Auetal (jak). Auf keinen Fall. „Was wir heute alles leisten, ist gigantisch“, sagt Tanja Büthe, die Leiterin der Kita Rehren, „und dafür wollen wir Wertschätzung.“ Doch die fehlt. Sowohl in der Öffentlichkeit als auch bei den Arbeitgebern. Mit zwei Warnstreiks haben auch die Erzieherinnen im Auetal Druck in den laufenden Tarifverhandlungen der Gewerkschaft Verdi mit den kommunalen Arbeitgebern ausgeübt.

 Letztlich gehe es einfach um die Wertschätzung, betonen Tanja Büthe von der Kita Rehren, Andrea Schwarz-Geddert von der Kita Escher und Beate Schürmann vom Familienzentrum Rolfshagen einhellig. In den vergangenen 20 Jahren habe sich das Berufsbild der Erzieherin massiv verändert, ohne dass dem im Tarifvertrag Rechnung getragen wurde.

 Wie radikal sich die Arbeit der Erzieherinnen geändert hat, kann Büthe mit einem Beispiel deutlich machen: In ihrem ersten Jahr als Erzieherin in einer anderen Gemeinde hatte sie mit einem Kind aus schwierigen Verhältnissen zu tun. „Die Mutter musste mit ihm zur Frühförderung“, erinnert sich Büthe, „und sie bat mich, sie zu begleiten. Natürlich habe ich das getan. Doch im Anschluss habe ich richtig Ärger bekommen.“ Wie sie denn auf die Idee gekommen sei, sich in die Belange der Familie einzubringen, wurde ihr vorgehalten. „Heute ist das für uns selbstverständlich.“ „Wir betrachten das komplette System Familie“, ergänzt Schürmann. „Alles, was sich in der Familie abspielt, hat auch mit dem Kind zu tun.“ Die Kita ist heute eben kein Ort mehr, wo die Kleinen für einige Stunden am Tag kostensparend aufbewahrt werden. Die Ansprüche an die frühkindliche Bildung steigen. „Wir müssen alle Wissensbereiche abdecken und für Kinder verständlich erklären können“, so Schwarz-Geddert.

 Den Erzieherinnen gehe es nicht einfach um mehr Geld, sondern um eine neue Art der Wertschätzung ihrer Arbeit. „Was wir heute leisten, ist durch die Leistungsgruppe S6 nicht mehr abgedeckt“, sagt Schürmann. „Was wir eigentlich leisten, findet sich erst bei S10.“ Und genau in diese Tarifgruppe möchte die Gewerkschaft die Erzieherinnen auch eingeordnet sehen. Die Arbeitgeber sehen das naturgemäß anders. Finanziell würde das Zugewinne zwischen fünf und 15 Prozent für die Erzieherinnen bedeuten.

 Auch die Gruppengrößen, die nicht Teil der Verhandlungsrunde ist, machen die Kita-Leiterinnen zum Thema. „Wir betreuen 25 Kinder zu zweit“, erklärt Büthe, „das ist einfach zu viel.“ Zusätzlich gäbe es pro Gruppe nur sieben Stunden „Verfügungszeit“, also Zeit, die nicht direkt am Kind verbracht wird. Das werde den heutigen Ansprüchen nicht mehr gerecht.

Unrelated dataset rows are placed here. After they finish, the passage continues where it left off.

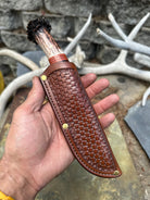 • Brown Tooled Pouch Sheath w/ Brass Rivets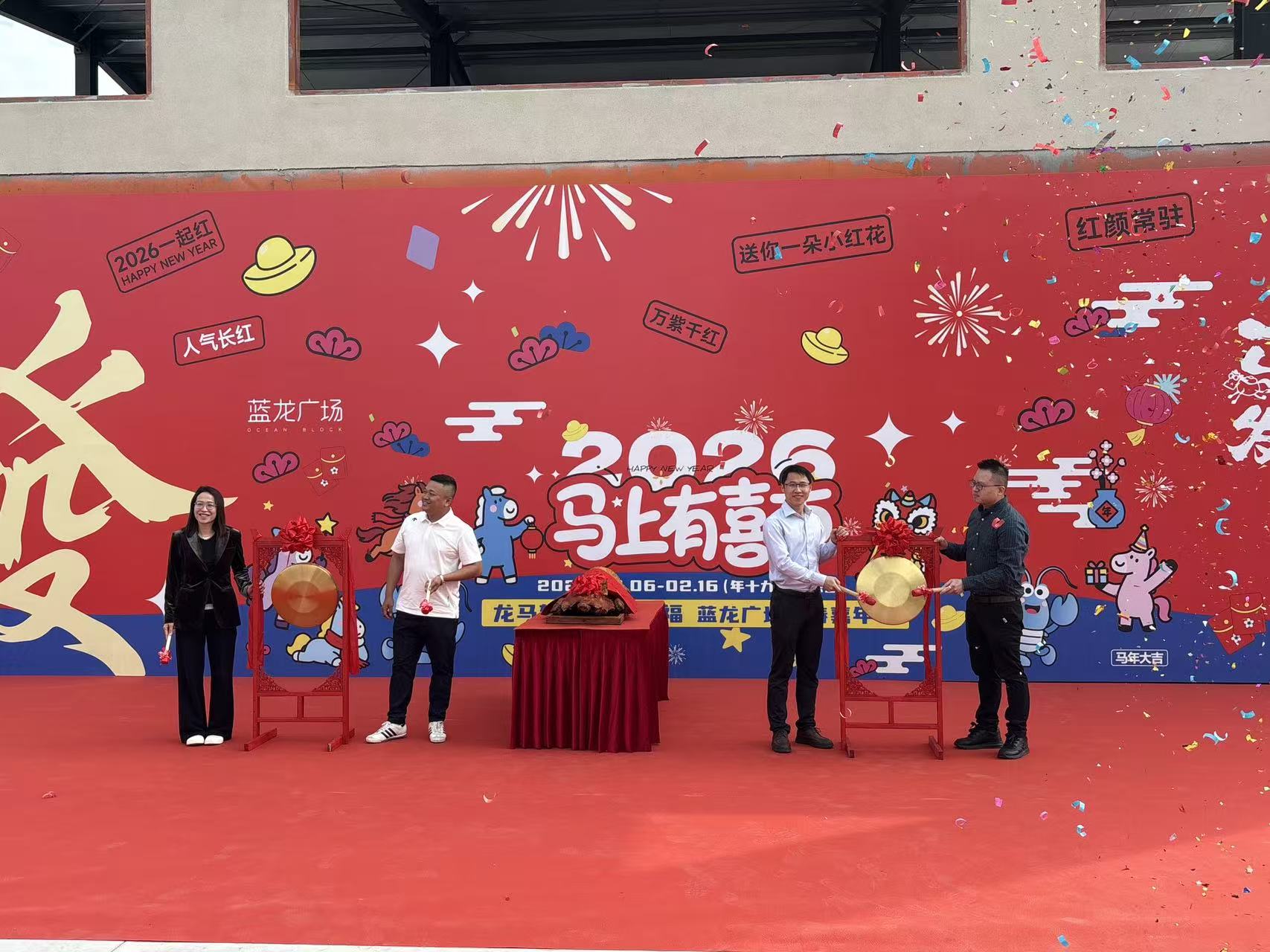 年关将至,新春在望。2月6日上午,位于西江新城中柚线的蓝龙广场人潮涌动、热闹非凡。锣声响起,“龙马贺春,名品聚福”——蓝龙广场新春嘉年华正式拉开帷幕。本次活动以“马上有喜市”为主题,整合餐饮、文创、家居、年货及本土农产品等丰富业态,打造一站式新春消费体验空间,让市民在家门口即可“办年货、品年味”。
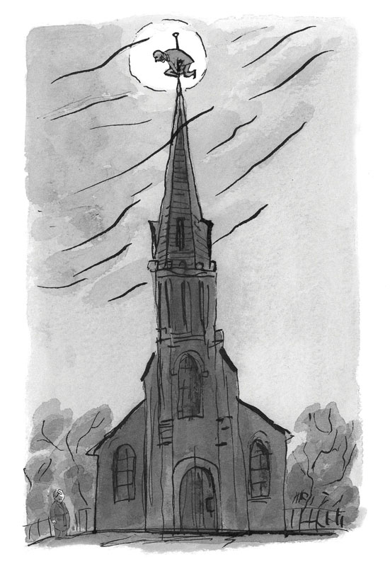 As the church came into view, there was the distinct silhouette of a man sitting on top of the spire. He was perfectly framed by the glow of a low silvery moon.

Allein die Dokumentationspflichten, aber auch die notwendigen Teamabsprachen und Gespräche mit den Eltern würden deutlich mehr Zeit erfordern.

 Auch bei der Ausbildung der Erzieherinnen sehen Auetals Kita-Leiterinnen erheblichen Nachbesserungsbedarf. „Eigentlich müsste die Ausbildung akademisch angesiedelt werden“, findet Schürmann. Die vermittelten Inhalte seien schon heute oft nicht mehr ausreichend für die tägliche Arbeit im Kindergarten, was dazu führe, dass die angehenden Erzieherinnen bei ihrer Praxiszeit in einer Kindertagesstätte an viele Themen erst ganz neu herangeführt werden müssten. „Und auch das müssen wir alles nebenbei erledigen, zusätzliche Stunden gibt es dafür nicht“, betont Schürmann.